● **Task instructions**: Among the lines of data below, reproduce only those from the one with "LANEIGE Hydro UV" through the one with "Nossos parceiros da", exactly as they stand, both ends included.

● **Records to use**:
● ● ● ●

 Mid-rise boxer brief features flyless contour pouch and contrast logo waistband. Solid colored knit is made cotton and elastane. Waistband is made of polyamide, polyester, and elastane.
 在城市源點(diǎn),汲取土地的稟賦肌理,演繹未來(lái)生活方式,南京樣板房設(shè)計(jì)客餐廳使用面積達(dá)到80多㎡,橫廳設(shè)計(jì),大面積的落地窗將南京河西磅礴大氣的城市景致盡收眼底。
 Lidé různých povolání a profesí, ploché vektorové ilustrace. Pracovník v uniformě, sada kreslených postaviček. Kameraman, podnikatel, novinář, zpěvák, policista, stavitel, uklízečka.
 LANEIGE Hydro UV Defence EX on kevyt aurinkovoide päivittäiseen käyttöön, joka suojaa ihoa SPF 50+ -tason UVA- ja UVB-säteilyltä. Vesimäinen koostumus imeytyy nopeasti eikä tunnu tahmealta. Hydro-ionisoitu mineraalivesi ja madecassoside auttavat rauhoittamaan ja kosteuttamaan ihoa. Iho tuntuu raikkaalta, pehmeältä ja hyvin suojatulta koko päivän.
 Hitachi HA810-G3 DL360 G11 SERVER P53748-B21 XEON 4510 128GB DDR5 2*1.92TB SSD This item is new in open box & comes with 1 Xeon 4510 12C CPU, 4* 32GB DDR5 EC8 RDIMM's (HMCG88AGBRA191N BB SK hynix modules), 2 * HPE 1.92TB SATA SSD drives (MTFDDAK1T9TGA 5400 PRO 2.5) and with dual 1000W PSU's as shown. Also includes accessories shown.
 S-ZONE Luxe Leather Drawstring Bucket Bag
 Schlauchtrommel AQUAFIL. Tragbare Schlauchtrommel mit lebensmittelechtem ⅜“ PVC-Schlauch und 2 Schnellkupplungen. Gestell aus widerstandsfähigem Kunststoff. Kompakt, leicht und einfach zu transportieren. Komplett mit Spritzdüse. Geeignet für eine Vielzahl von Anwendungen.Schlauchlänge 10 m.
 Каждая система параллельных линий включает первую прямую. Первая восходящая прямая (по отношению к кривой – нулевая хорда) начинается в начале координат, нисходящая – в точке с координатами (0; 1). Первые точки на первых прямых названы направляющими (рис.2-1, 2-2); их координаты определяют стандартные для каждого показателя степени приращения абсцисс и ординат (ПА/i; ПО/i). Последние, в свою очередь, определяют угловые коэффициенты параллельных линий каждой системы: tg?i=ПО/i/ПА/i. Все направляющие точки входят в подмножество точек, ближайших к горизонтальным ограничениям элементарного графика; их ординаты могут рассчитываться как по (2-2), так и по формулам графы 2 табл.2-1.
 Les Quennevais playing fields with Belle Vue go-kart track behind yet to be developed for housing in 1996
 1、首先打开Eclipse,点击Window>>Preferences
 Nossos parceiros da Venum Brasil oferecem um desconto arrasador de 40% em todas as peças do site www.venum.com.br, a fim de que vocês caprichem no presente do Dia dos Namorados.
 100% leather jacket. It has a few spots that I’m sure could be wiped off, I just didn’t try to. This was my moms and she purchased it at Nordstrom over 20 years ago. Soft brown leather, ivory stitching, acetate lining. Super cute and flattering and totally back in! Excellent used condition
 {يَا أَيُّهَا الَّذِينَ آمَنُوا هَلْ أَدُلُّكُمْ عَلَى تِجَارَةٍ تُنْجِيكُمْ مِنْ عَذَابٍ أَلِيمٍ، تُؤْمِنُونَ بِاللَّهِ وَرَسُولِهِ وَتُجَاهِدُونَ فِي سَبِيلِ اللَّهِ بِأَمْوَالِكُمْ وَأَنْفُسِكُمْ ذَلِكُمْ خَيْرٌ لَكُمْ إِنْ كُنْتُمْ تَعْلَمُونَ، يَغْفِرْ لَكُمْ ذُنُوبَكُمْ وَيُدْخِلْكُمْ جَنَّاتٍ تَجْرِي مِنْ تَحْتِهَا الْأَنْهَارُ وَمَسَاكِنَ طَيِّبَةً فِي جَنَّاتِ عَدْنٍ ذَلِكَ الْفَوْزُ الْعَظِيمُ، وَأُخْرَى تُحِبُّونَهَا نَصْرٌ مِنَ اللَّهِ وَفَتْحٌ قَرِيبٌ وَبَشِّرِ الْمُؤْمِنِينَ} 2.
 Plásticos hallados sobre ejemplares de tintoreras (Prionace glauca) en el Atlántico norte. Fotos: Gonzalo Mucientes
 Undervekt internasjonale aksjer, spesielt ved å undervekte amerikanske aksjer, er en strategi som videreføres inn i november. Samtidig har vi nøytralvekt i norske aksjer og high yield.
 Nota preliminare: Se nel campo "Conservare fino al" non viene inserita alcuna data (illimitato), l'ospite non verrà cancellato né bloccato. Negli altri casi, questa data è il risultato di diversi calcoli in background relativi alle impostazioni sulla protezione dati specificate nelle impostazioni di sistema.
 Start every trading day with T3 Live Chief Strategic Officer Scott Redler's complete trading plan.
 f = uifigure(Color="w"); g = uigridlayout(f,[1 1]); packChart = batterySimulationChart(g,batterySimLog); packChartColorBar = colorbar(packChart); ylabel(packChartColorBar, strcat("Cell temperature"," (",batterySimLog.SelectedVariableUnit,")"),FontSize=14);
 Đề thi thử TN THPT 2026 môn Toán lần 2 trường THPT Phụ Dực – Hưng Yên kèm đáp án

● ● ● ●

● **Result of the task**:
 LANEIGE Hydro UV Defence EX on kevyt aurinkovoide päivittäiseen käyttöön, joka suojaa ihoa SPF 50+ -tason UVA- ja UVB-säteilyltä. Vesimäinen koostumus imeytyy nopeasti eikä tunnu tahmealta. Hydro-ionisoitu mineraalivesi ja madecassoside auttavat rauhoittamaan ja kosteuttamaan ihoa. Iho tuntuu raikkaalta, pehmeältä ja hyvin suojatulta koko päivän.
 Hitachi HA810-G3 DL360 G11 SERVER P53748-B21 XEON 4510 128GB DDR5 2*1.92TB SSD This item is new in open box & comes with 1 Xeon 4510 12C CPU, 4* 32GB DDR5 EC8 RDIMM's (HMCG88AGBRA191N BB SK hynix modules), 2 * HPE 1.92TB SATA SSD drives (MTFDDAK1T9TGA 5400 PRO 2.5) and with dual 1000W PSU's as shown. Also includes accessories shown.
 S-ZONE Luxe Leather Drawstring Bucket Bag
 Schlauchtrommel AQUAFIL. Tragbare Schlauchtrommel mit lebensmittelechtem ⅜“ PVC-Schlauch und 2 Schnellkupplungen. Gestell aus widerstandsfähigem Kunststoff. Kompakt, leicht und einfach zu transportieren. Komplett mit Spritzdüse. Geeignet für eine Vielzahl von Anwendungen.Schlauchlänge 10 m.
 Каждая система параллельных линий включает первую прямую. Первая восходящая прямая (по отношению к кривой – нулевая хорда) начинается в начале координат, нисходящая – в точке с координатами (0; 1). Первые точки на первых прямых названы направляющими (рис.2-1, 2-2); их координаты определяют стандартные для каждого показателя степени приращения абсцисс и ординат (ПА/i; ПО/i). Последние, в свою очередь, определяют угловые коэффициенты параллельных линий каждой системы: tg?i=ПО/i/ПА/i. Все направляющие точки входят в подмножество точек, ближайших к горизонтальным ограничениям элементарного графика; их ординаты могут рассчитываться как по (2-2), так и по формулам графы 2 табл.2-1.
 Les Quennevais playing fields with Belle Vue go-kart track behind yet to be developed for housing in 1996
 1、首先打开Eclipse,点击Window>>Preferences
 Nossos parceiros da Venum Brasil oferecem um desconto arrasador de 40% em todas as peças do site www.venum.com.br, a fim de que vocês caprichem no presente do Dia dos Namorados.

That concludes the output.